Definition:Benchmark plan
🏥 Benchmark plan is a reference health insurance plan selected by a state — or defaulted to by federal methodology — that defines the minimum essential health benefits package all individual and small-group plans sold in that state must cover under the Affordable Care Act. Rather than prescribing a uniform federal benefits list, the ACA framework allows each state to choose a benchmark from among a set of existing plan designs — typically the largest small-group plan by enrollment, one of the three largest state employee plans, one of the three largest federal employee plans, or the largest commercial HMO — thereby anchoring benefit mandates to real-world coverage already in the market.
📋 Once a state selects its benchmark, every qualified health plan offered through the state's marketplace or in the off-exchange individual and small-group markets must provide coverage that is "substantially equal" to the benchmark across ten statutory EHB categories, including hospitalization, prescription drugs, maternity care, and mental health services. If the chosen benchmark lacks coverage in a required category — for example, pediatric dental — the state supplements it from another reference plan. Carriers designing products must map their benefit structures, cost-sharing levels, and formularies against the benchmark to ensure compliance, a process that directly influences actuarial value calculations and rate filings submitted to state regulators.
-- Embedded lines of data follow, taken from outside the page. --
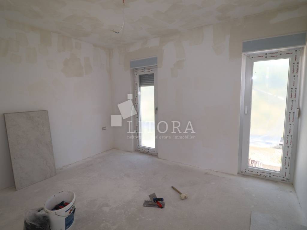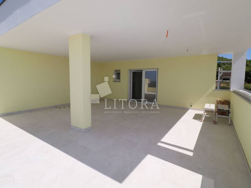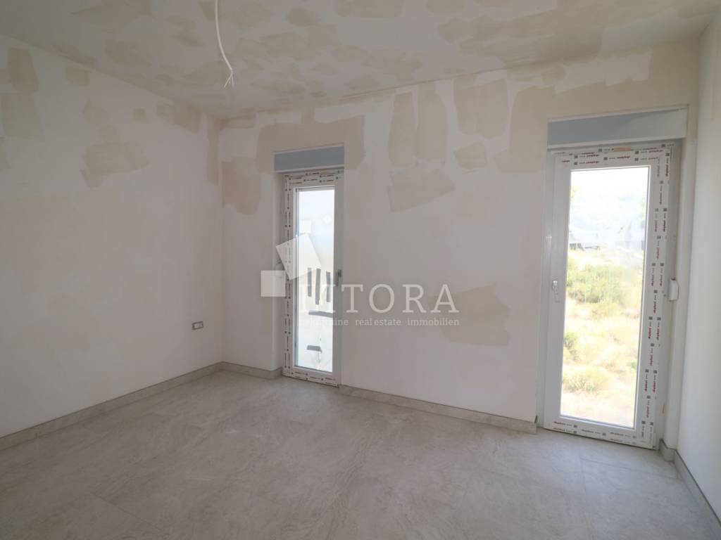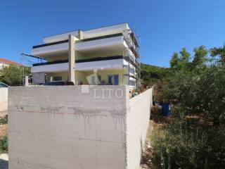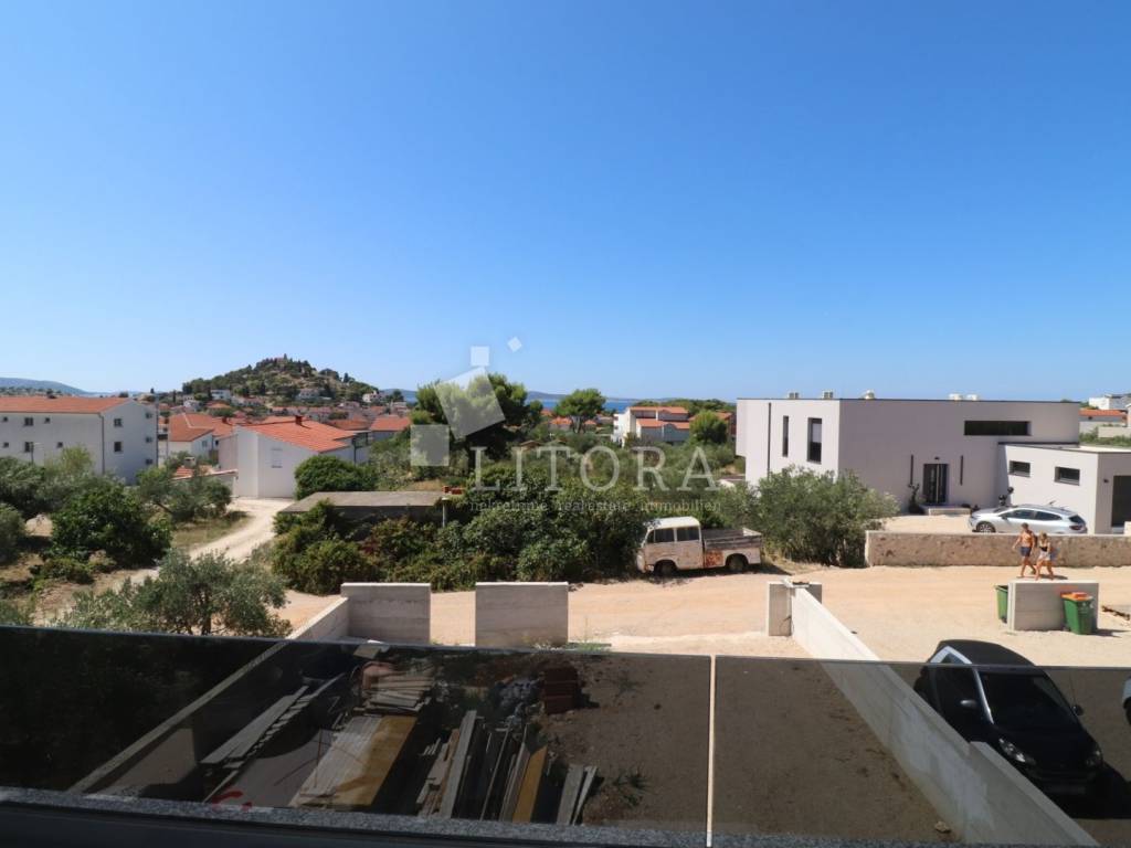 Tribunj – Modern Semi-Detached House with Panoramic Sea View. In a peaceful and attractive location in Tribunj lies an elegant semi-detached house, designed for complete comfort and enjoyment of living. The house is spread across three levels – ground floor, first and second floor – with a total usable area of 221,17 m², while the spacious garden of approximately 400 m² ensures privacy and plenty of room for relaxation. The outdoor area is complemented by a large terrace, swimming pool, and three parking spaces. On the ground floor, there is an entrance hall, bathroom, one bedroom, and a spacious kitchen with dining area and living room that opens onto a beautiful terrace and a garden with a swimming pool. This area is designed as the central hub for family gatherings and leisure. The first floor features three bedrooms – one with its own en-suite bathroom – an additional bathroom, and a large covered terrace with a stunning sea view. Two of the bedrooms have direct access to the terrace, offering a special experience of waking up to the scent of the sea. The second floor adds an extra touch of luxury. It includes a kitchenette, a bedroom, a bathroom, and an impressive terrace of 53.65 m², of which 40.60 m² is covered. From here, you can enjoy an unforgettable panoramic view of the sea – the perfect setting for relaxation or evening gatherings. The house is built and equipped to high standards of quality and modern design. The garden is fenced and thoughtfully arranged for complete enjoyment – from lounging in the sun to socializing by the pool. Location: The property is set in a quiet area, yet ideally close to all amenities – only 800 m from Zamalin Beach and 850 m from the town center. Planned completion and move-in are scheduled for the end of 2025.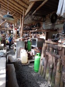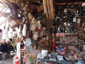 - El espacio: Estrecho, mesas irregulares los platos (de metal) bailan sobre las tablas, las bancas inestables y angostas. El decorado bonitas las plantas, especialmente los helechos, pero la atiborrada decoración de elementos viejos que quieren asemejar a antigüedades dejan una mala impresión en un restaurante por que se observan sucios y cubiertos de polvo. Los baños insuficientes y en deficiente estado.
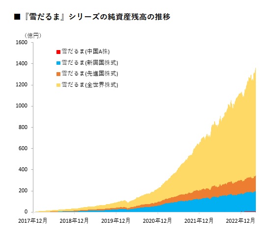 SBIアセットマネジメントが運用する「SBI・全世界株式インデックス・ファンド」(愛称:雪だるま(全世界株式))の純資産残高が17日に1000億円に到達した。全世界の株式に分散投資できる低コストインデックスファンドとして、設定来資金流入が続いている。 同ファンドは、低コストインデックスファンド『雪だるま』シリーズのうちの1つ。シリーズは同ファンドのほか、「新興国株式」、「先進国株式」、「中国A株」の4ファンドからなる。 同ファンドは、「FTSE グローバル・オールキャップ・インデックス(円換算ベース)」をベンチマークとする。同インデックスは、全世界の大型株、中型株だけではなく、小型株も含めた約9500銘柄で構成されており、同インデックスをベンチマークとする同ファンドも実質的に、小型株を含めた全世界の株式に幅広く分散投資することが出来る。 同ファンドの信託報酬等(税込み)は、投資先ETFの信託報酬を含めた実質で年0.1102%程度。全世界の株式に投資するインデックスファンド(確定拠出年金専用、ファンドラップ専用、ETF除く)の中では最安である。また、つみたてNISA対象ファンドでもある。 同ファンドの純資金流出入額の推移を見ると、2017年12月の設定から2023年3月まで64カ月連続で純資金流入となっている。月々の純資金流入額は増加基調にあり、2023年3月の純資金流入額は約41.9億円と2022年12月の約41.6億円を更新して、設定来で最大となった。小型株も含めた全世界の株式に低コストで手軽に分散投資できる点が投資家の資金を集めている。

🔍 The benchmark plan matters enormously because it determines the practical scope of what "comprehensive coverage" means in a given state — and those scopes vary. A state whose benchmark includes generous prescription drug tiers effectively mandates richer pharmacy benefits for all individual and small-group insurers operating there, raising premiums but broadening access. Conversely, a leaner benchmark can keep premiums lower at the cost of narrower coverage. For carriers entering new state markets, analyzing the benchmark is one of the first steps in product development, because it sets the floor below which no compliant plan can fall. The selection also has downstream effects on reinsurance pricing and risk adjustment transfer calculations that shape carrier profitability.